TASK TO COMPLETE: From the material below, copy exactly the lines beginning with the one that contains "This baseball cap" and ending with the one that contains "شاليه يتكون من"; the pictures stay out.

EXTRACTED MATERIAL:
▼▼▼
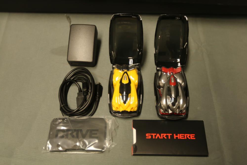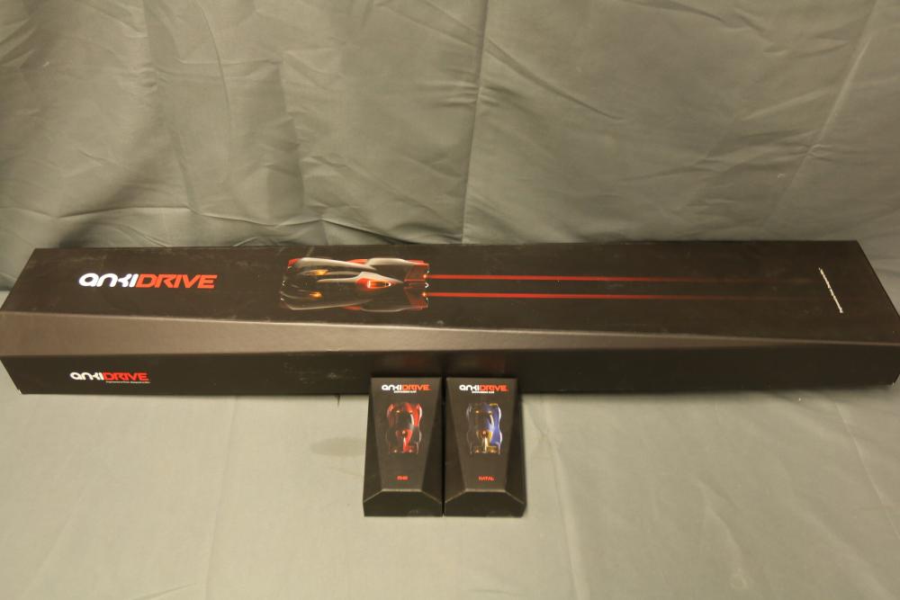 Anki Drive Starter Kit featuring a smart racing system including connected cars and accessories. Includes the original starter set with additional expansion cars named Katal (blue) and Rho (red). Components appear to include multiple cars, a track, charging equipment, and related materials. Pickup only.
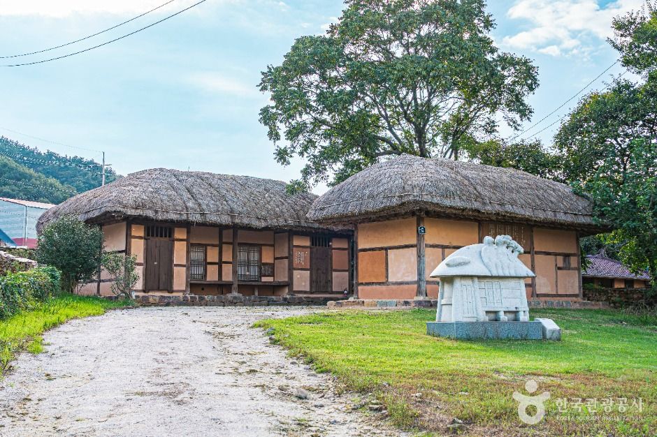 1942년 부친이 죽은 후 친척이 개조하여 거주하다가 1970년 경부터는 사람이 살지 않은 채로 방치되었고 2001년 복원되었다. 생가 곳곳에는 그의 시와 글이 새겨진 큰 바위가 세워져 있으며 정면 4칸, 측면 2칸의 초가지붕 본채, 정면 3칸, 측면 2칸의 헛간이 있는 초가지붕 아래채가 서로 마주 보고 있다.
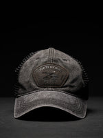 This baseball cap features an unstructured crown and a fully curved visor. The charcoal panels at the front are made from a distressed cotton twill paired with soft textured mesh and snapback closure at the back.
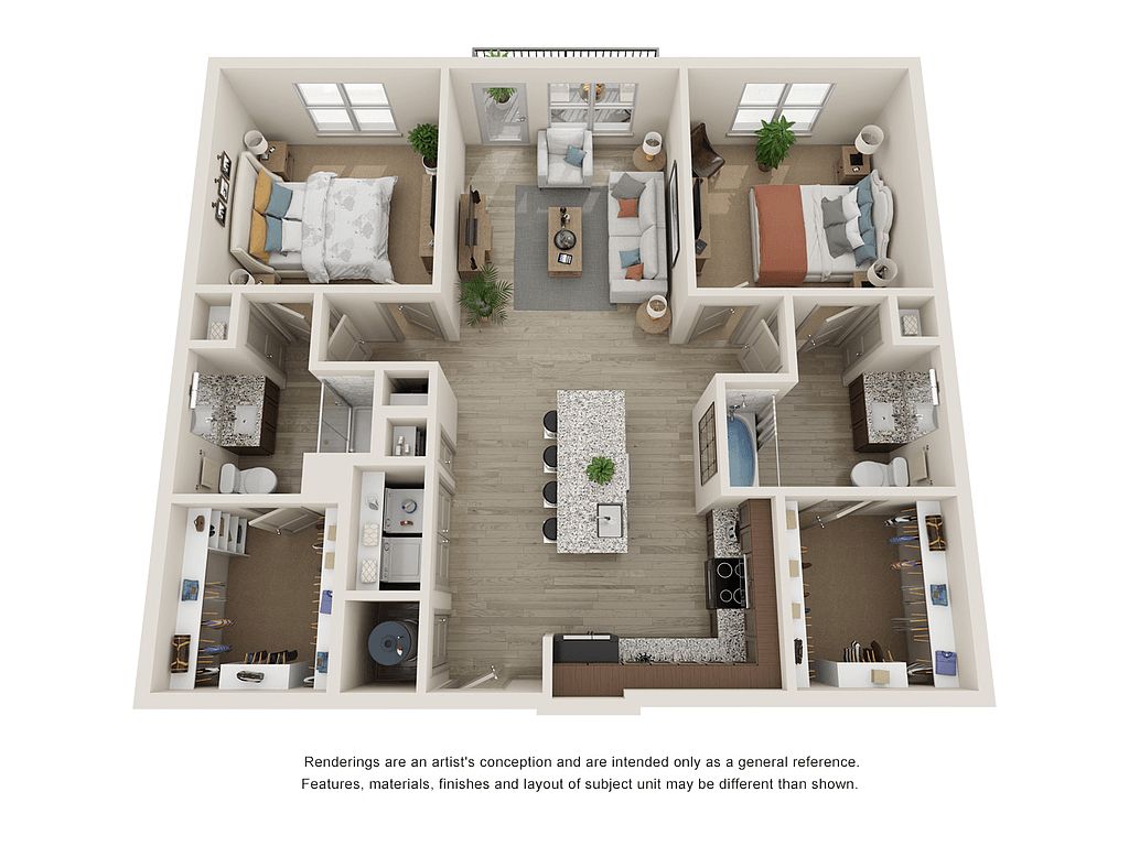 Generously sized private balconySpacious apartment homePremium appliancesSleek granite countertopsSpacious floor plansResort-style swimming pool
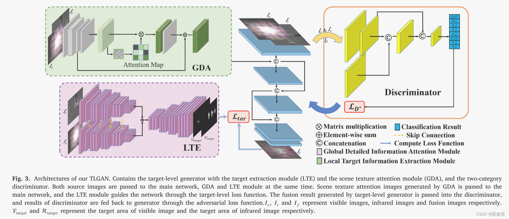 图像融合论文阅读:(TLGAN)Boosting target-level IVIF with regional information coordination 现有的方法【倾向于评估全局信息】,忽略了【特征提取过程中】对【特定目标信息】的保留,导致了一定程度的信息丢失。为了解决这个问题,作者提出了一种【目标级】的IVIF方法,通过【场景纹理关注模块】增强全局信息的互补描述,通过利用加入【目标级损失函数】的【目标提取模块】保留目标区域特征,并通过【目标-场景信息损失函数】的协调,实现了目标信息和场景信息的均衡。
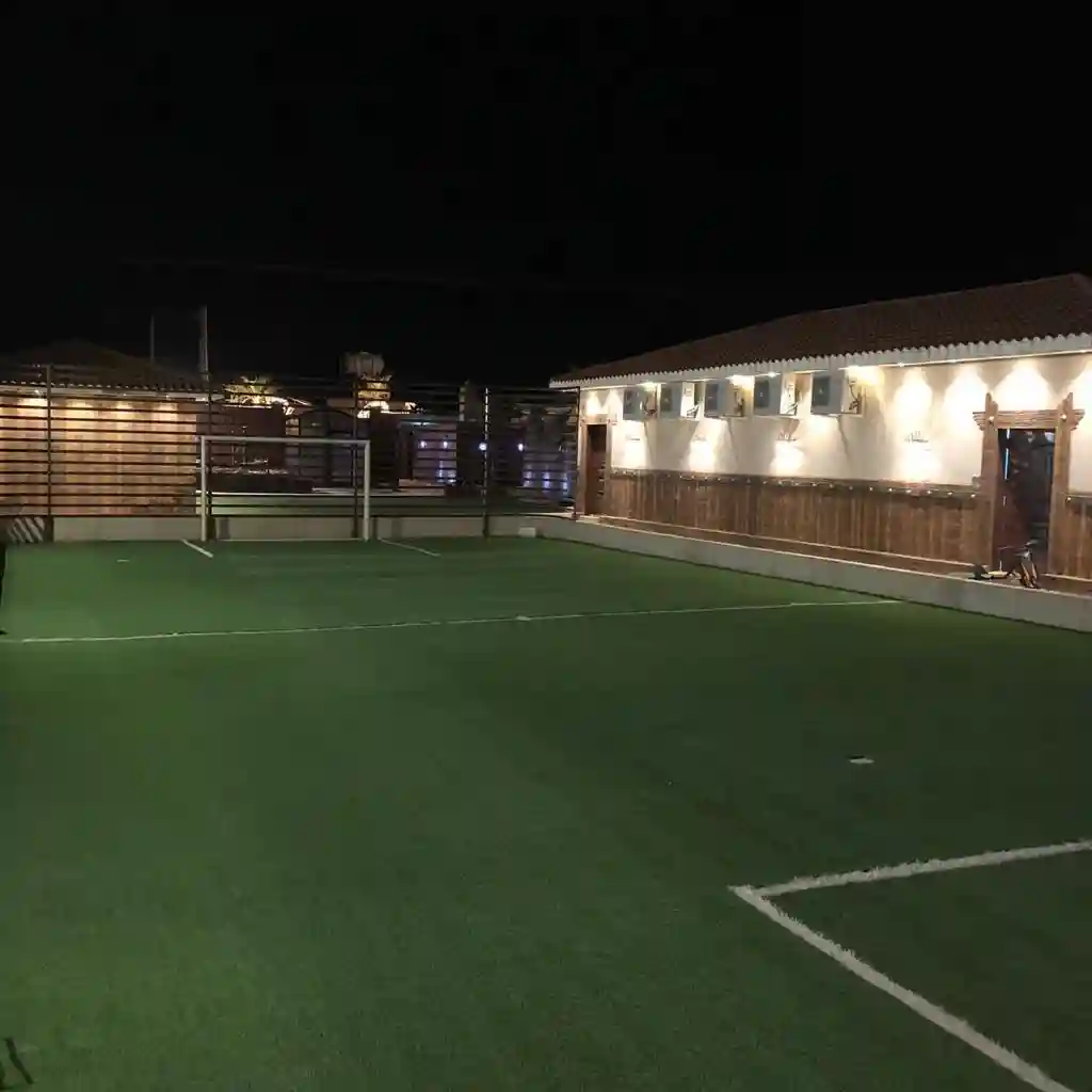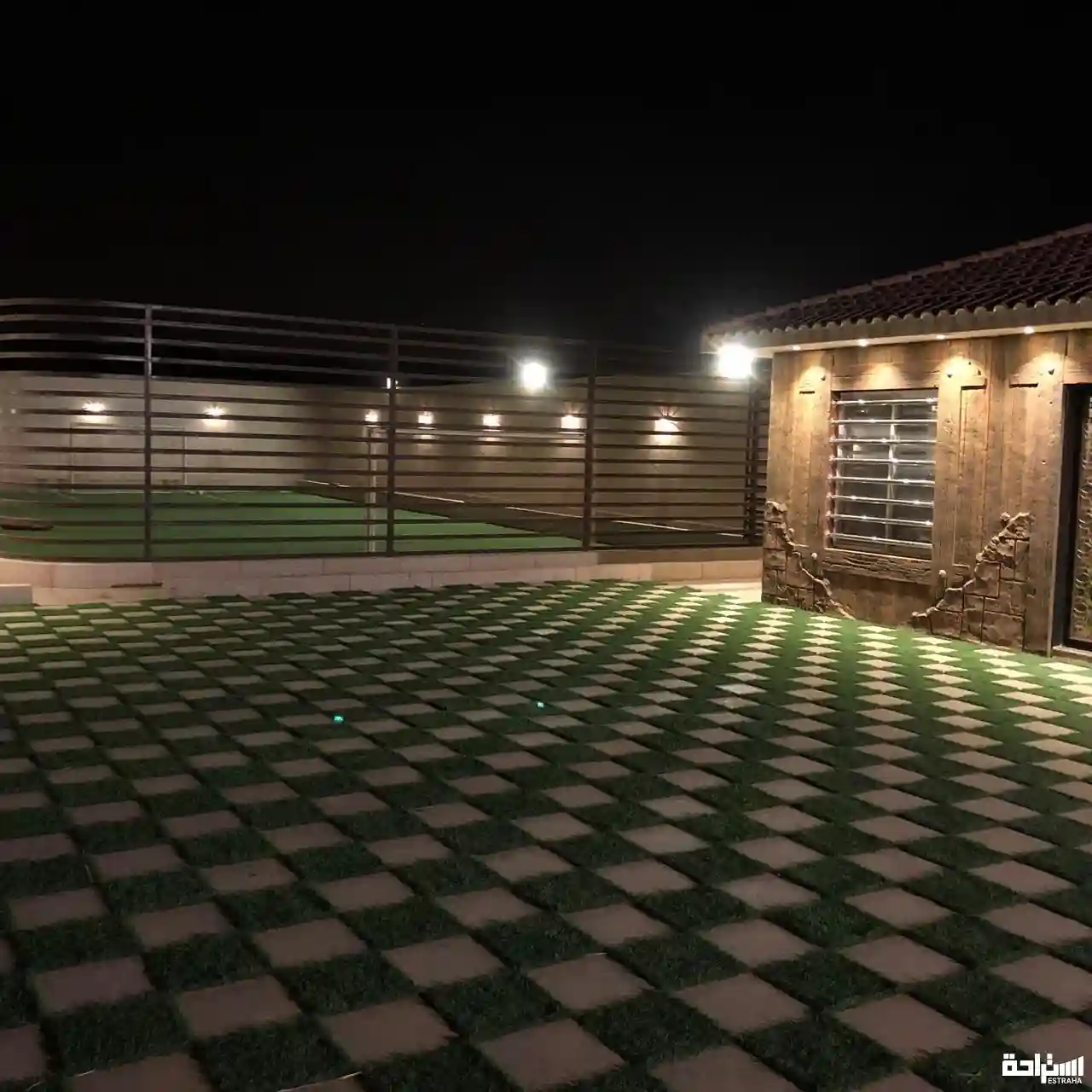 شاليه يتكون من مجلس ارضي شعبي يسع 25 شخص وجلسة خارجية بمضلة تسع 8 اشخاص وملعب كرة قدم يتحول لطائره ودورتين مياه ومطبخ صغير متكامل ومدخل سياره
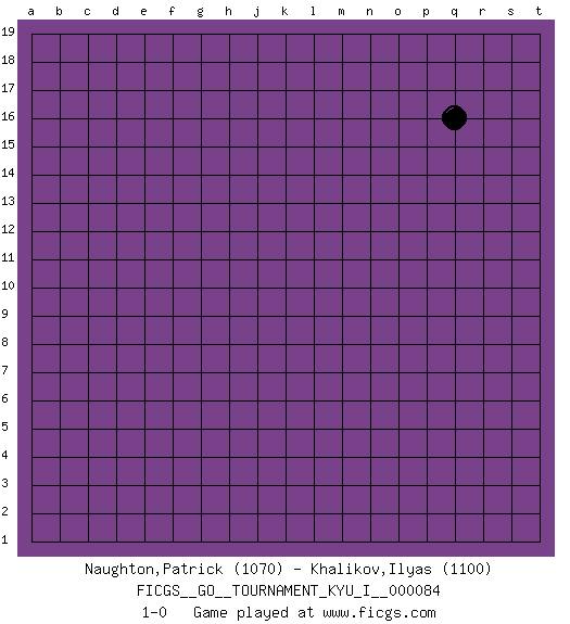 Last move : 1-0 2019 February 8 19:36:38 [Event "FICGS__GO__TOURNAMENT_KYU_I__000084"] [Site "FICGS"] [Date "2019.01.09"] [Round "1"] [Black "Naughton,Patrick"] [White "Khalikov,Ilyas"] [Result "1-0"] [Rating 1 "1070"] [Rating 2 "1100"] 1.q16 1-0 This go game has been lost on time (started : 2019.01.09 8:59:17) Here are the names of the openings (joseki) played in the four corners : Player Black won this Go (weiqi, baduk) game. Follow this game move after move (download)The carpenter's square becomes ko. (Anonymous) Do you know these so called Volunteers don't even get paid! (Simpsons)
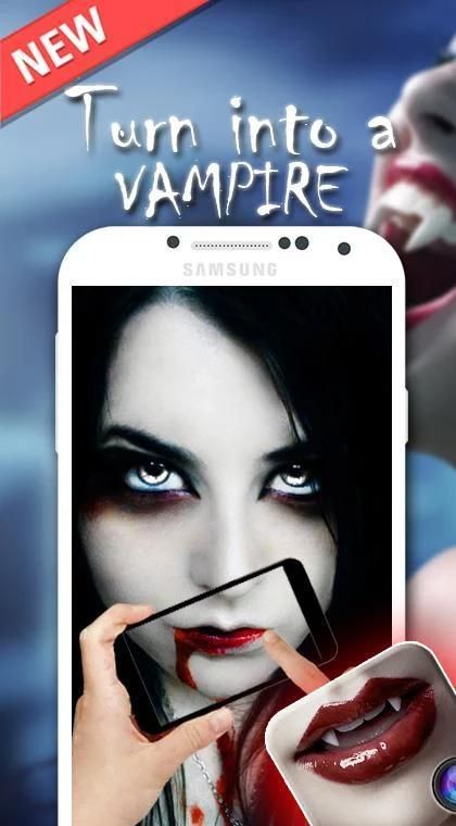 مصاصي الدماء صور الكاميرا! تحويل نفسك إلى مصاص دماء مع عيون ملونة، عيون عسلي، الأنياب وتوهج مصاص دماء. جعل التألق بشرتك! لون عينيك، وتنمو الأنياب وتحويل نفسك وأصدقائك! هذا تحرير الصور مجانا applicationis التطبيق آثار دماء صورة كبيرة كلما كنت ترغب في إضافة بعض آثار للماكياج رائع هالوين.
▲▲▲
RESPONSE:
 This baseball cap features an unstructured crown and a fully curved visor. The charcoal panels at the front are made from a distressed cotton twill paired with soft textured mesh and snapback closure at the back.
 Generously sized private balconySpacious apartment homePremium appliancesSleek granite countertopsSpacious floor plansResort-style swimming pool
 图像融合论文阅读:(TLGAN)Boosting target-level IVIF with regional information coordination 现有的方法【倾向于评估全局信息】,忽略了【特征提取过程中】对【特定目标信息】的保留,导致了一定程度的信息丢失。为了解决这个问题,作者提出了一种【目标级】的IVIF方法,通过【场景纹理关注模块】增强全局信息的互补描述,通过利用加入【目标级损失函数】的【目标提取模块】保留目标区域特征,并通过【目标-场景信息损失函数】的协调,实现了目标信息和场景信息的均衡。
 شاليه يتكون من مجلس ارضي شعبي يسع 25 شخص وجلسة خارجية بمضلة تسع 8 اشخاص وملعب كرة قدم يتحول لطائره ودورتين مياه ومطبخ صغير متكامل ومدخل سياره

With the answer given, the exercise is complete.